_STUDY MATERIAL_
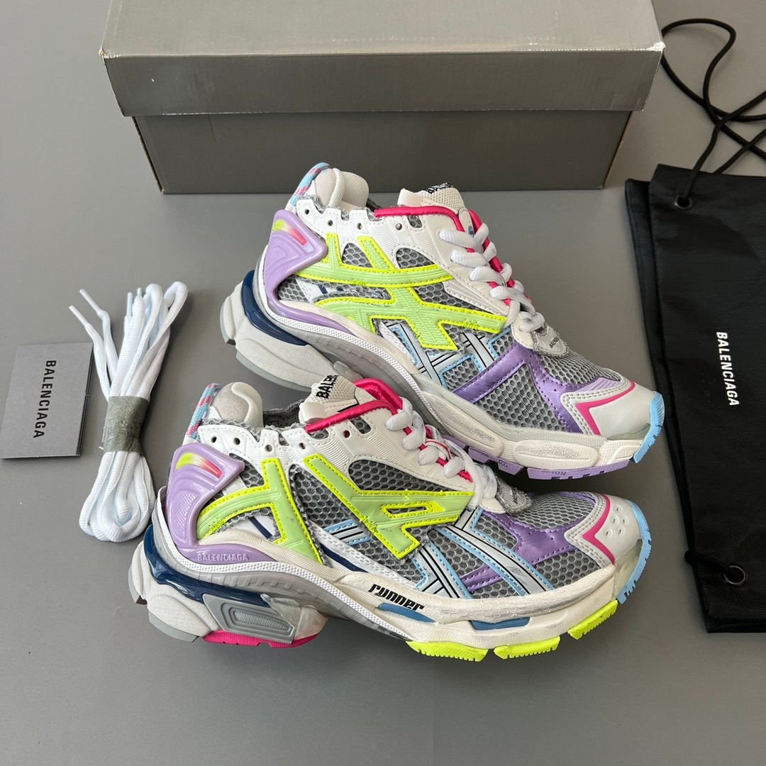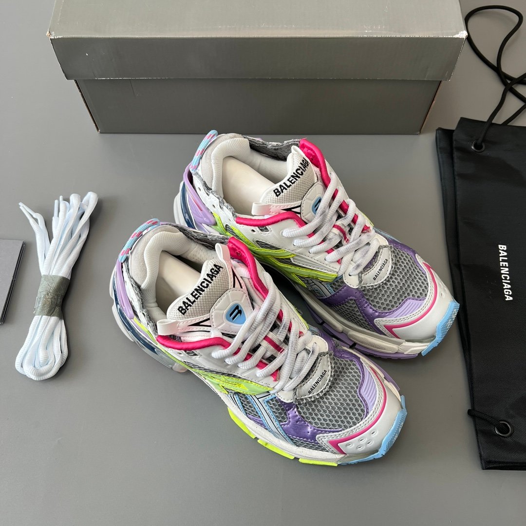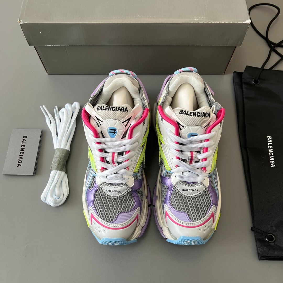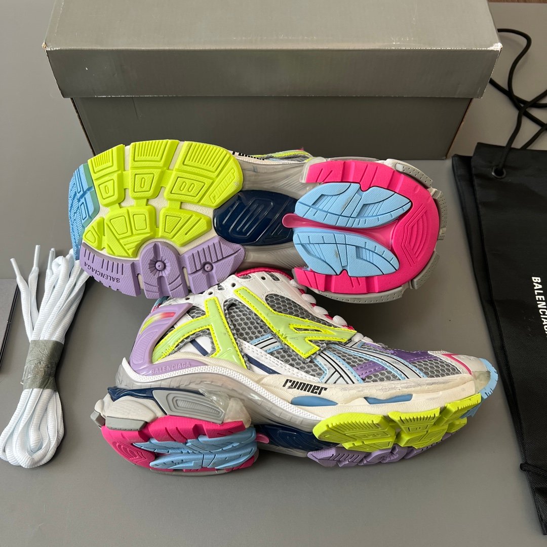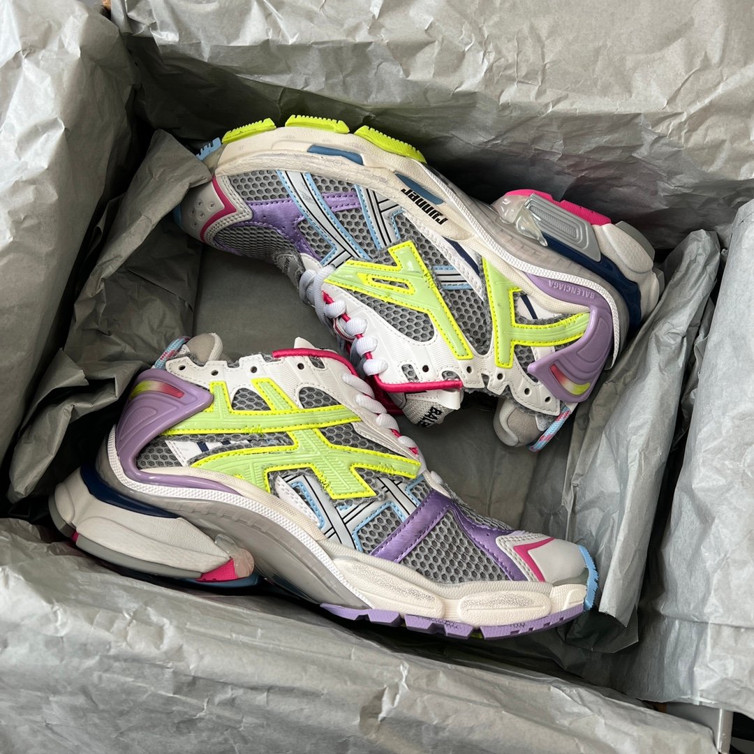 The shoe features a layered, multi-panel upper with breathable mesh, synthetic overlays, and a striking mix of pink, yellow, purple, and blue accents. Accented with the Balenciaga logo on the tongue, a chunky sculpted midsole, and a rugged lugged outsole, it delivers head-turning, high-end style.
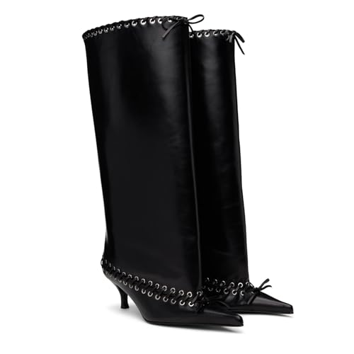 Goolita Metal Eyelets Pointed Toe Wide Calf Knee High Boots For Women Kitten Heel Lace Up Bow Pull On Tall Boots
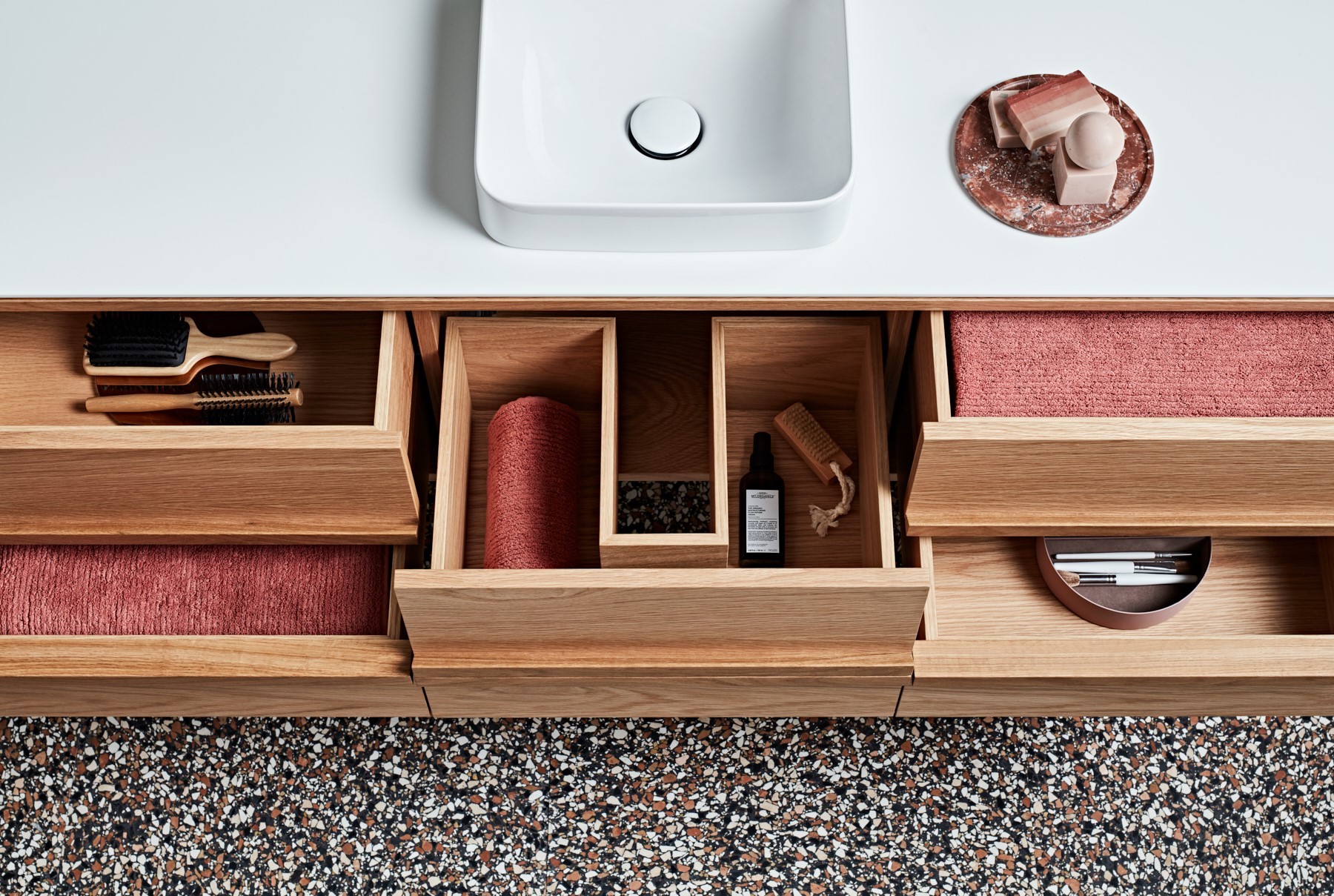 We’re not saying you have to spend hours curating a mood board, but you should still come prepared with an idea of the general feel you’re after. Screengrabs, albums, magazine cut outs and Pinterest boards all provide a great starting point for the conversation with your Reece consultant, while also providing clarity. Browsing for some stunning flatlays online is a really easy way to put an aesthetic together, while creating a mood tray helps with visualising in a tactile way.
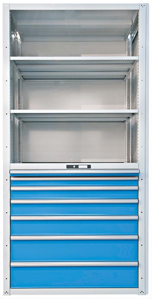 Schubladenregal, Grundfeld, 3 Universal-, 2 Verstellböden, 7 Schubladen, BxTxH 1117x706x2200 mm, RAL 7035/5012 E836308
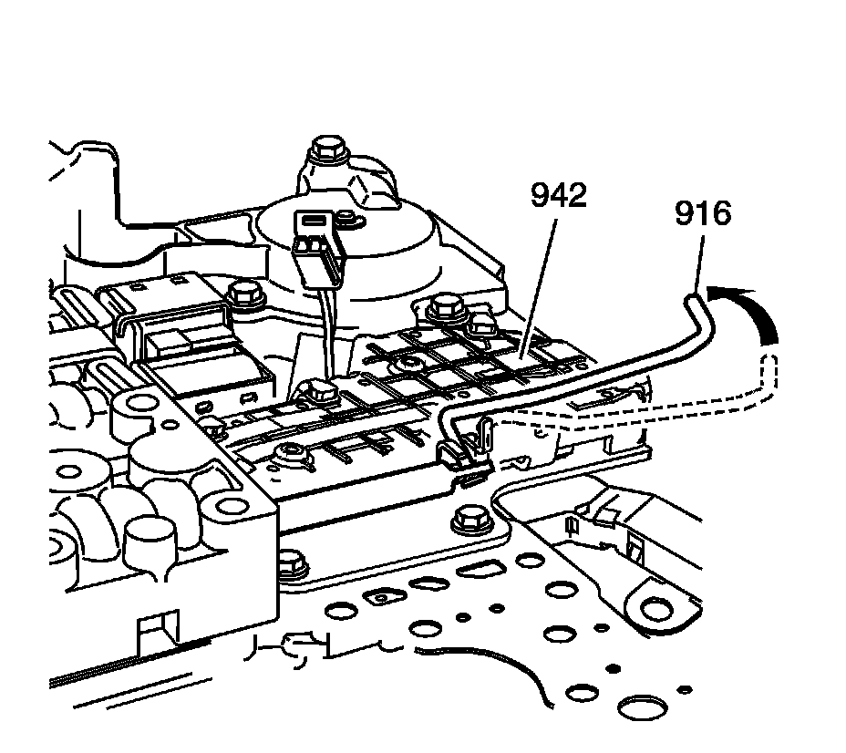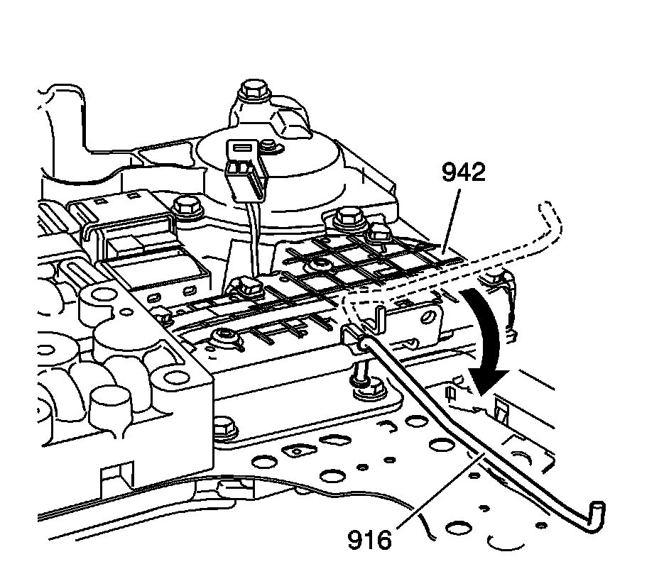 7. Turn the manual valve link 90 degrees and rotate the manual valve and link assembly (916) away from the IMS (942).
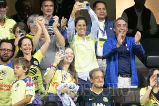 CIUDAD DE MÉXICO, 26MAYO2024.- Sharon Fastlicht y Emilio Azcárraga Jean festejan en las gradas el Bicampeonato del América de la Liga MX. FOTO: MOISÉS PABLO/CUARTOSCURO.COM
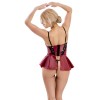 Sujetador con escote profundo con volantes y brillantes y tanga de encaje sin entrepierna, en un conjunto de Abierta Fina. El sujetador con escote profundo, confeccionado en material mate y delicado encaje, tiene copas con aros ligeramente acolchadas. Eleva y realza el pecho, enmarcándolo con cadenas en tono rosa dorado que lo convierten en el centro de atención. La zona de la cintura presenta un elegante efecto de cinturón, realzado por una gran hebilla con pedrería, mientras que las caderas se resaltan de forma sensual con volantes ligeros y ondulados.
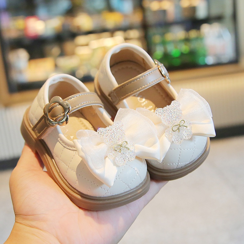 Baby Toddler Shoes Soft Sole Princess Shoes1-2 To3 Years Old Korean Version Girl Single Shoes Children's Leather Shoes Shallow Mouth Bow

_TASK STATEMENT_
Return the lines from the one containing "CIUDAD DE MÉXICO, 26MAYO2024.- Sharon" through the last line of the records, both included, exactly as written and with no pictures.

_ANSWER BOX_
 CIUDAD DE MÉXICO, 26MAYO2024.- Sharon Fastlicht y Emilio Azcárraga Jean festejan en las gradas el Bicampeonato del América de la Liga MX. FOTO: MOISÉS PABLO/CUARTOSCURO.COM
 Sujetador con escote profundo con volantes y brillantes y tanga de encaje sin entrepierna, en un conjunto de Abierta Fina. El sujetador con escote profundo, confeccionado en material mate y delicado encaje, tiene copas con aros ligeramente acolchadas. Eleva y realza el pecho, enmarcándolo con cadenas en tono rosa dorado que lo convierten en el centro de atención. La zona de la cintura presenta un elegante efecto de cinturón, realzado por una gran hebilla con pedrería, mientras que las caderas se resaltan de forma sensual con volantes ligeros y ondulados.
 Baby Toddler Shoes Soft Sole Princess Shoes1-2 To3 Years Old Korean Version Girl Single Shoes Children's Leather Shoes Shallow Mouth Bow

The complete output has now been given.